Lilting (2014) [Review]

lilting movie poster

Hong Khaou’s slow and unassuming drama, focuses on the coming together of an unlikely pairing, in the wake of a personal tragedy. It won’t be everyone’s cup of tea, but for me, it was a uniquely moving viewing experience

The tragedy was that of Kai (Andrew Leung), a gay man in a relationship Richard (Ben Whishaw) who unfortunately died under awful circumstances. Leaving behind his Cambodian/Chinese mother, Junn (Pei-pei Cheng), who had no knowledge of their relationship; it presented a difficult situation for Richard to approach considering he was only perceived to be a “friend”.  Junn is shown to be struggling to assimilate into this contrasting society, so Richard sees the death both as an opportunity and an obligation to assist her, much like Kai would have done had he still been alive.

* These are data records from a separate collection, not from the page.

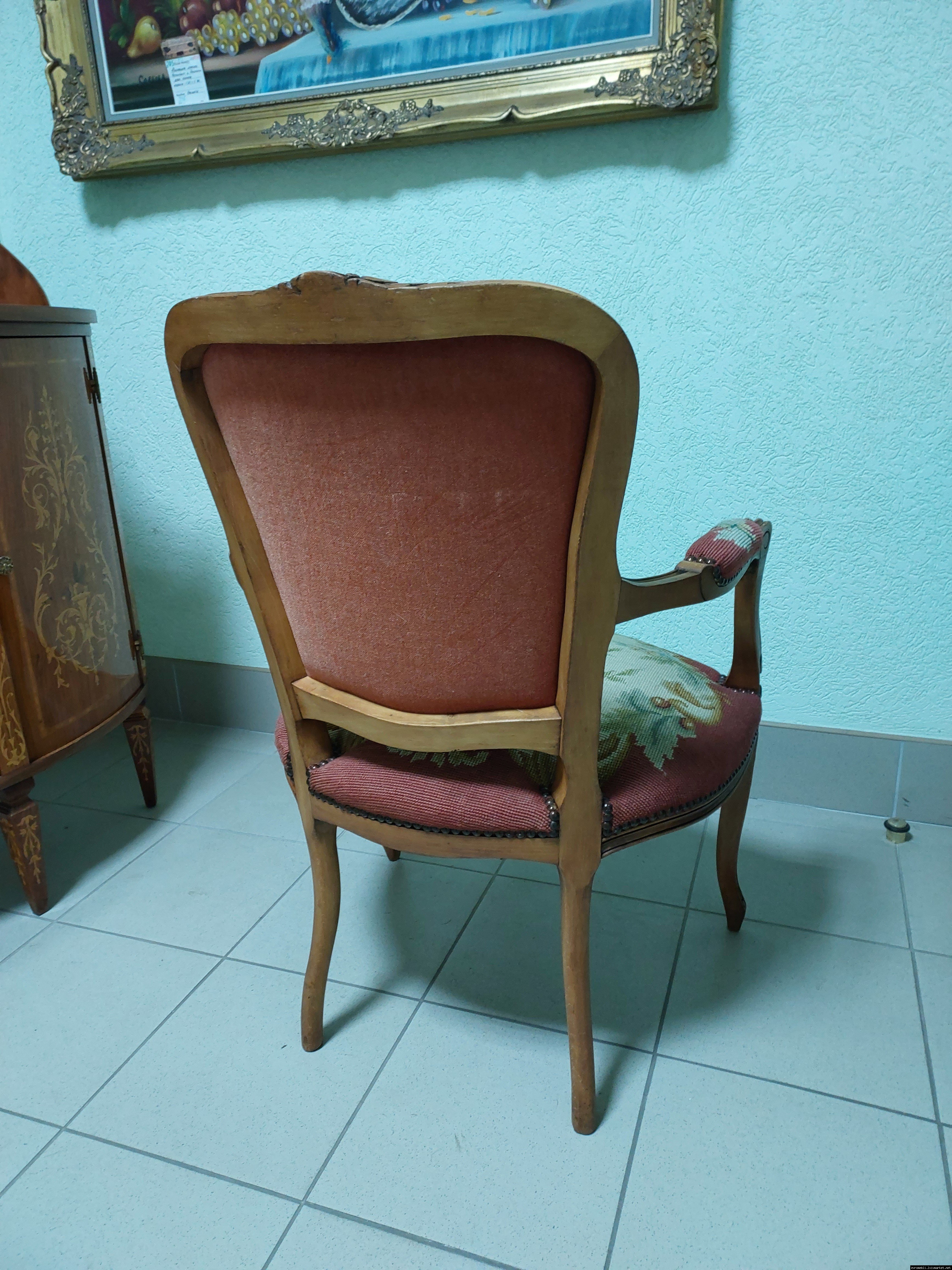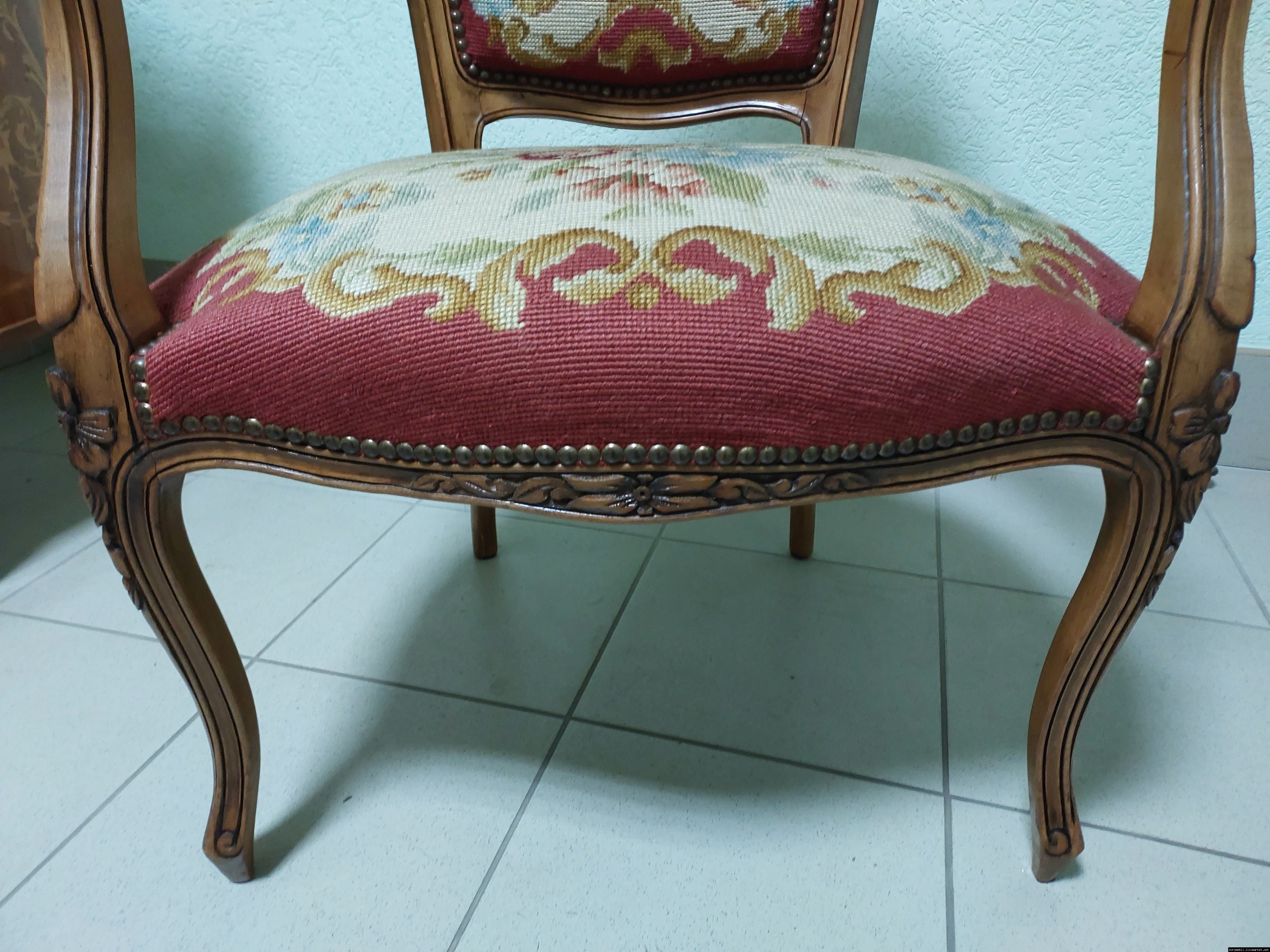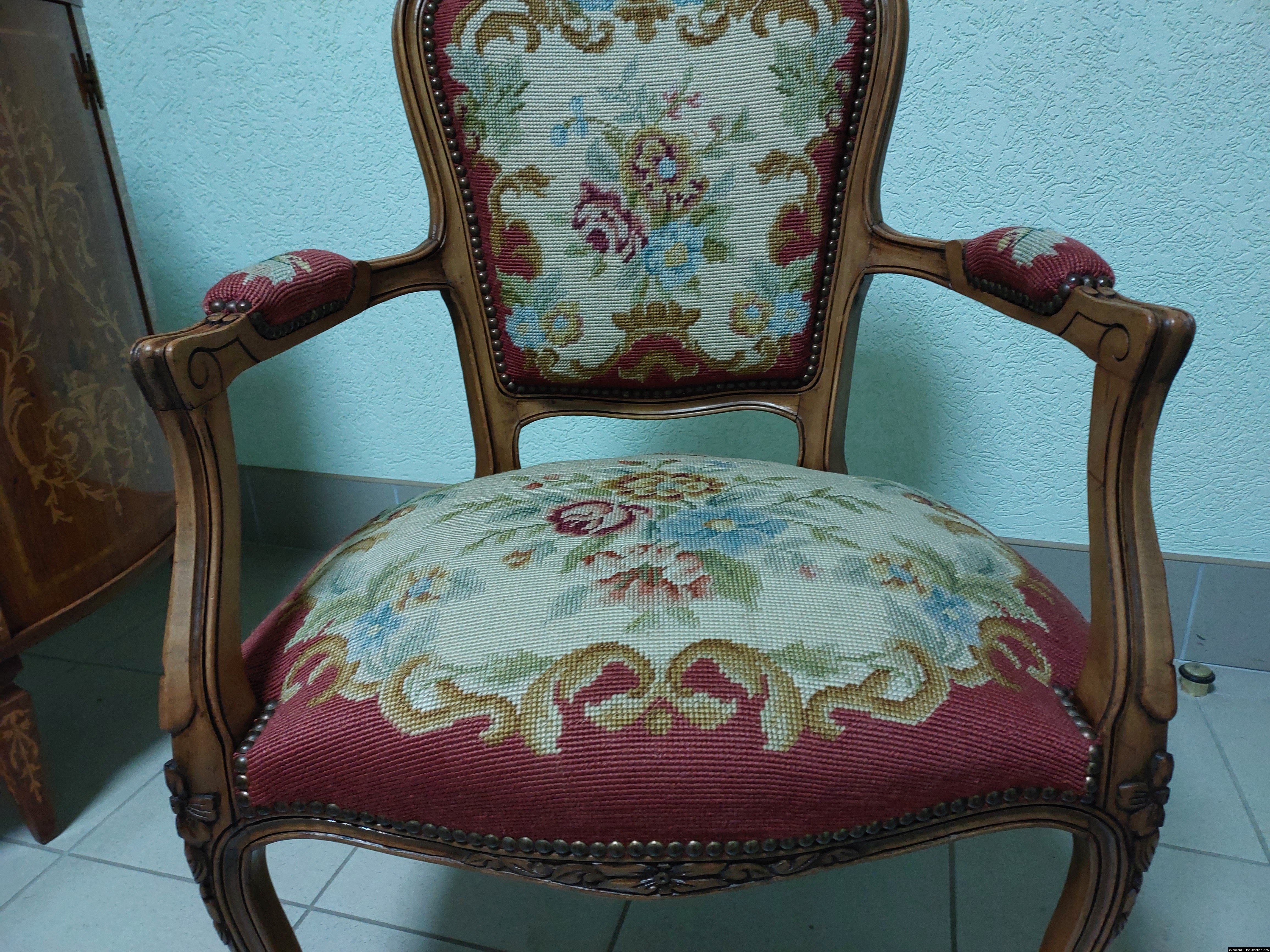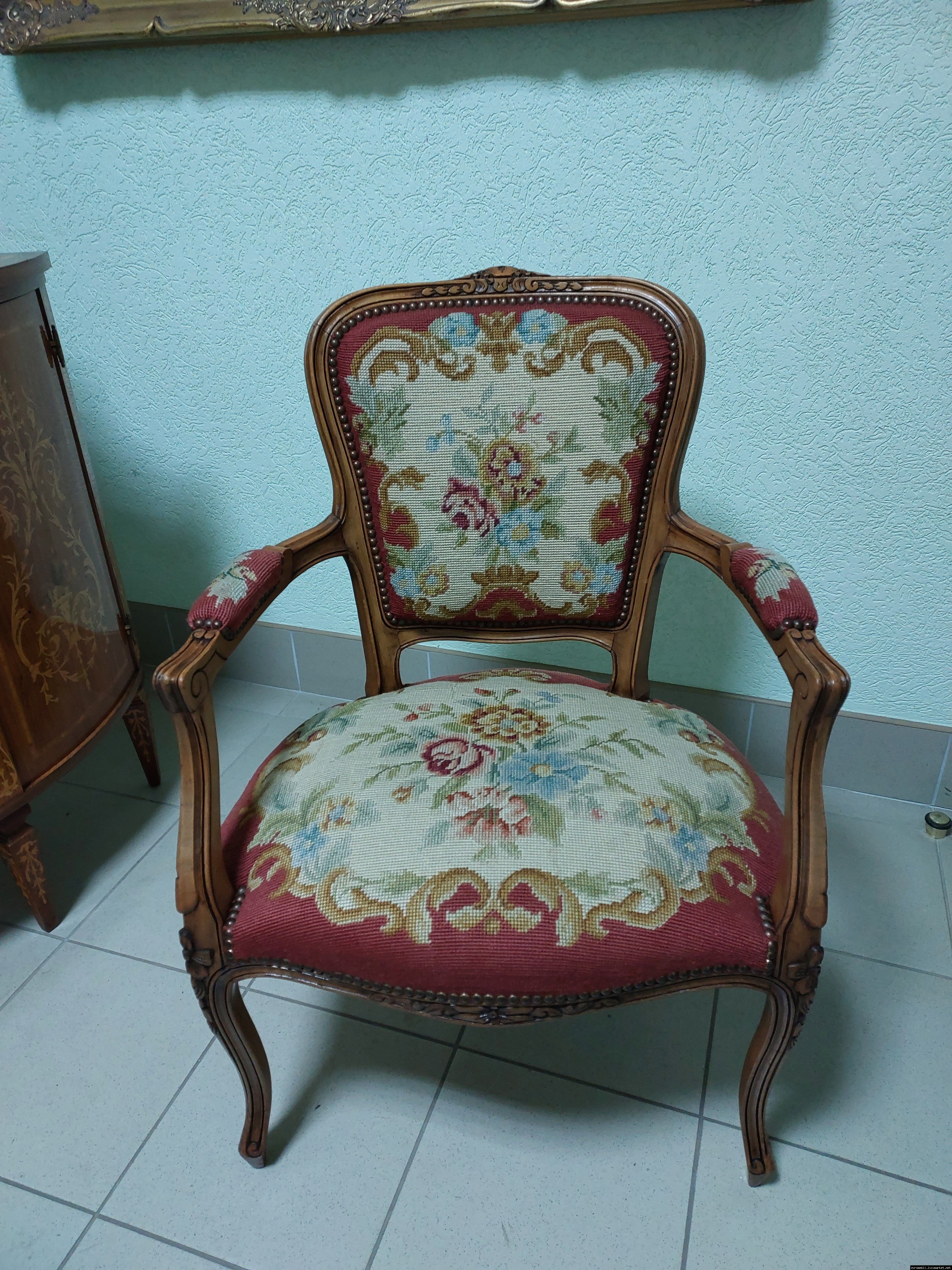 Красиве вінтажне крісло з підлокотниками в стилі Луї XV. Крісло виготовлене з натурального дерева, темний дуб, масив, щедро декоровані елементами різьби ручної роботи, обшите тканиною вишневого кольору, тканина оздоблена вишивкою ручної роботи та декоративними цвяшками. Крісло зручне та комфортне, в хорошому стані, привезене з Бельгії.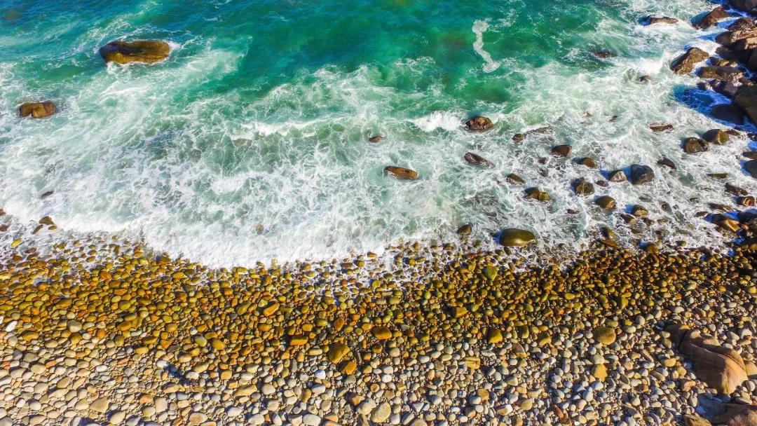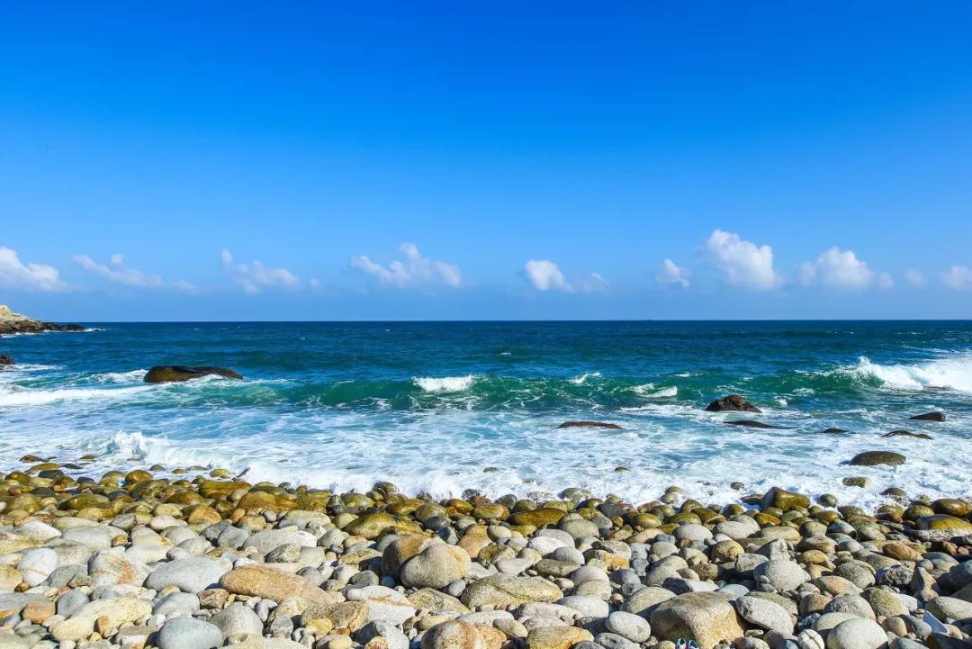 這里弓狀的數(shù)百米長(zhǎng)的海灘上,沒(méi)有潔白的沙帶,人臨此境,首先內(nèi)陸到湛藍(lán)的海水,再是密密麻麻的卵石。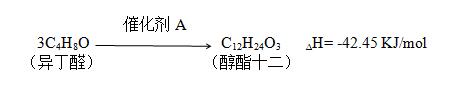 在醇酯十二反應(yīng)器中,異丁醛在特定的溫度和壓力條件以及液體縮合催化劑A的催化作用下,進行縮醛反應(yīng)生成醇酯十二(CS-12)。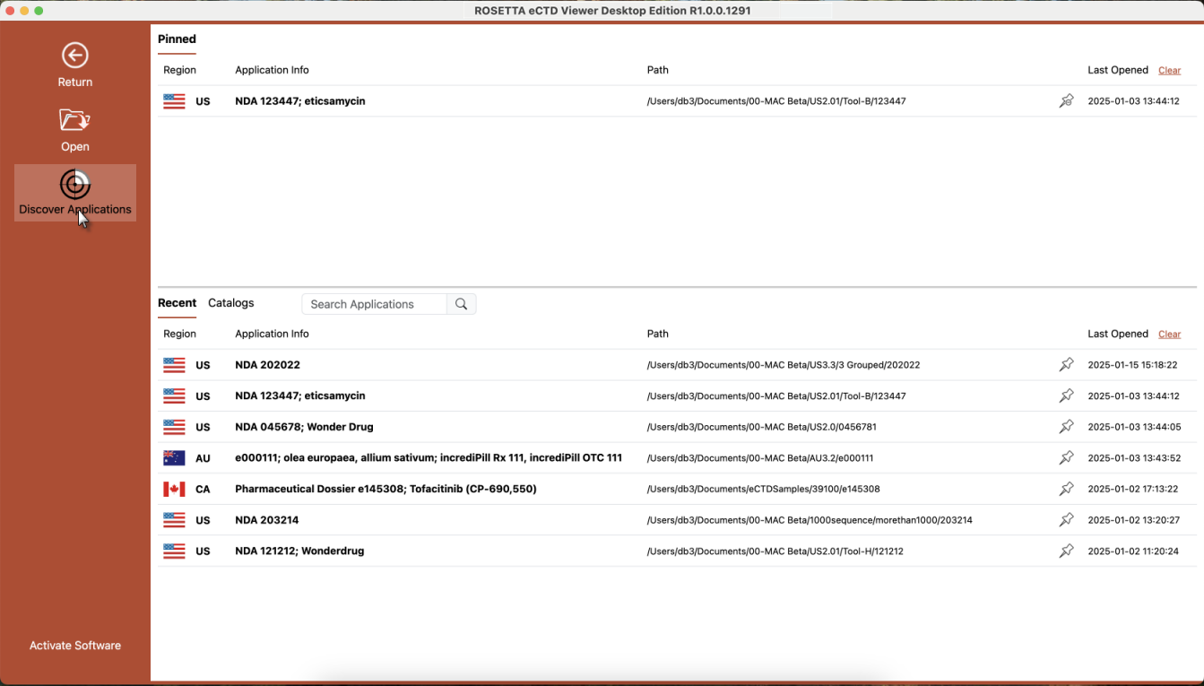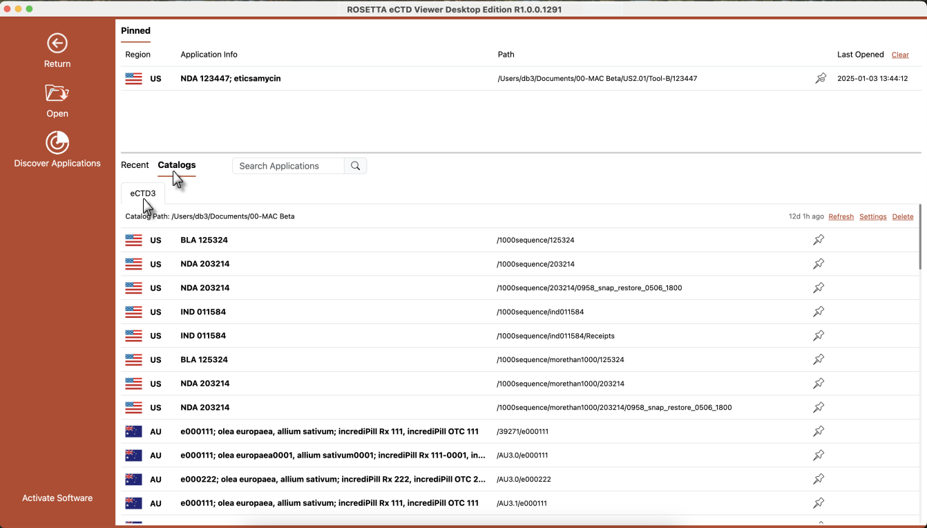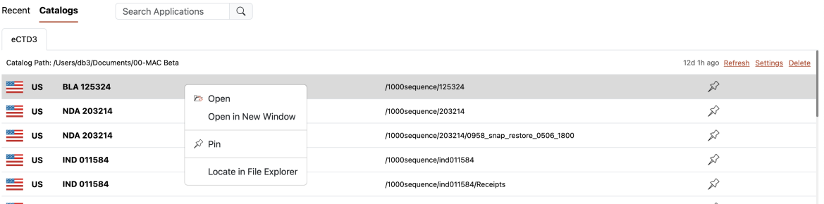 All eCTD applications in this folder will be discovered and listed in the Catalogs panel.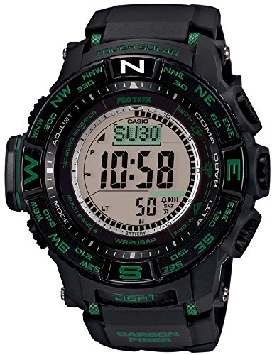 Authentic outdoor gear "pro Trek" Solar radio clock "multi-field line (PRW-3500)" which was equipped with a triple sensor from "combination line (PRW-6000)" durable genuine material (Real Material) New model of the "RM Series (RM series)" stuck to appeared. Improve the durability and insert the carbon fiber which is excellent in tensile endurance in the band of resin portion and 遊環. The windshield adopted a hard sapphire glass scratched was thoroughly pursue the durability that can respond to the outdoor scene. Function as a full-scale outdoor gear is New Purotorekku stuck to the exterior. / ■ Tough Solar (solar charging system) / ■ 20 atmospheric pressure waterproof function / ■ Radio reception function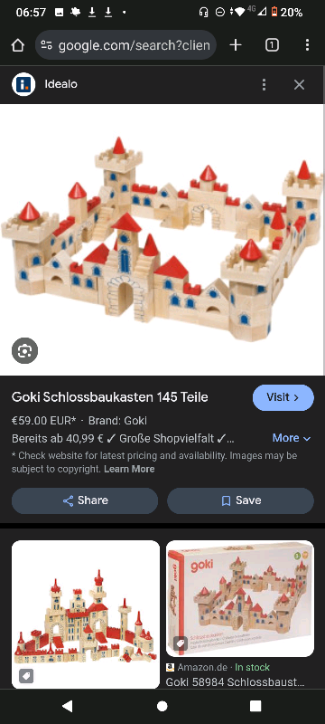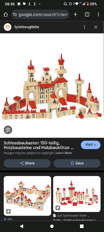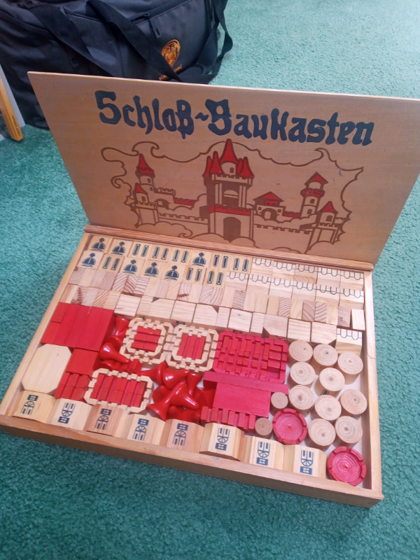 Schloss Baukasten wooden castle construction play set. Approx 30 years old but as new apart from a small chip on case which is visible in photo. Made with lead free paint. Complete with 150 wooden tiles. Suitable for children over 3 years of age. Dimensions of box 415mm x 295 x 45. This currently retails at about £50 and I have seen nothing cheaper than £15 on the used market ( and those are not in such good condition as this). Collection preferred but will post within UK at Buyers' expense.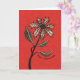 Cartão de saudação personalizado gótico com desenho a tinta de uma flor escura estranha com folhas pretas agudas com veias brancas e pétalas brancas sobre fundo vermelho vibrante no estilo de retrô-safra.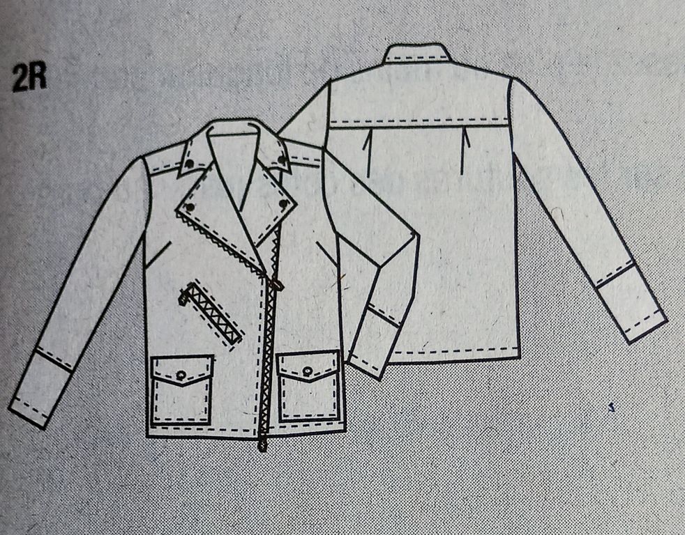 J’adore ce perfecto simplifié. Pas de pattes d’épaules. Ce truc c’est une plaie quand on porte un sac à dos ou un sac à bandoulière. Ce modèle, possède un empiècement dos et devant. Les poches sont plaquées avec rabats, plus facile à coudre. Le perfecto se ferme à l’aide d’une fermeture à glissière double curseur.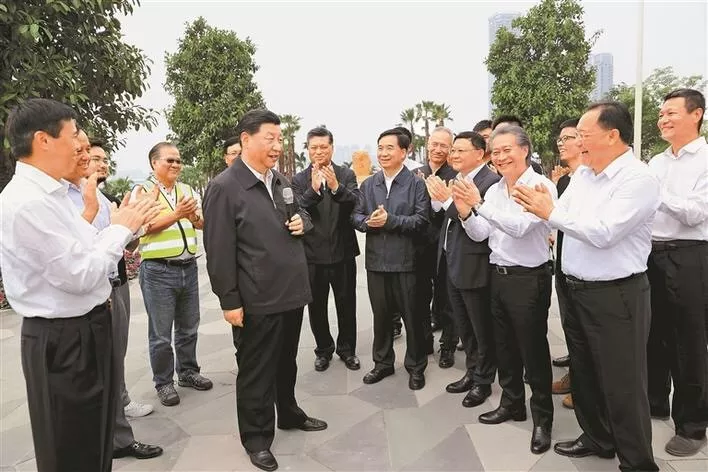 10月24日,习近平在广东自由贸易试验区深圳前海蛇口片区考察。在前海石前,习近平同前海建设者和见证者代表同话沧桑巨变。新华社记者鞠鹏摄

Grief is dealt with in different ways, and Lilting appears as heart-breaking reminder that some choose not to show their grief in extreme fits of emotional volatility, but rather bottle it up and attempt to struggle on.  Both Cheng and Whishaw channel this event in a mesmerising way, with glances that tell of unspeakable pain and allow time for the audience to absorb their inner agony. Not only is it a testament to their acting capabilities, but also completely necessary considering one of the main cultural differences is the language barrier between the two.

There are elements of the story that are perhaps out-of-place from a thematic perspective, but on the flipside they also provide occasional comedic moments to lighten the load. There’s a constant feeling of uncertainty, as no one in the film ever looks comfortable with the cards they have been dealt in this situation, flipping between laughter, crying or passive but meaningful dialogue.

For me, that was part of the appeal of the film. Intertwining these different elements, while maintaining the emotional frankness that is so difficult to capture, Lilting left me feeling full of hope for all involved, despite the undercurrent of bleakness. No easy task, but this air of genuine earnestness filtered into this dream-like state, and it was very easy to get lost in it.

Lilting is available on Netflix 

5 responses to “Lilting (2014) [Review]

  1. Nice review. I saw this as a part of a film fest last year, maybe the year before. A touching film, it handles the subject matter very well


    • Completely agree. Thanks for commenting. I was quite moved by just how restrained it was. Very simple in it’s premise and after watching a lot of high-production Hollywood films it was a refreshing change of pace.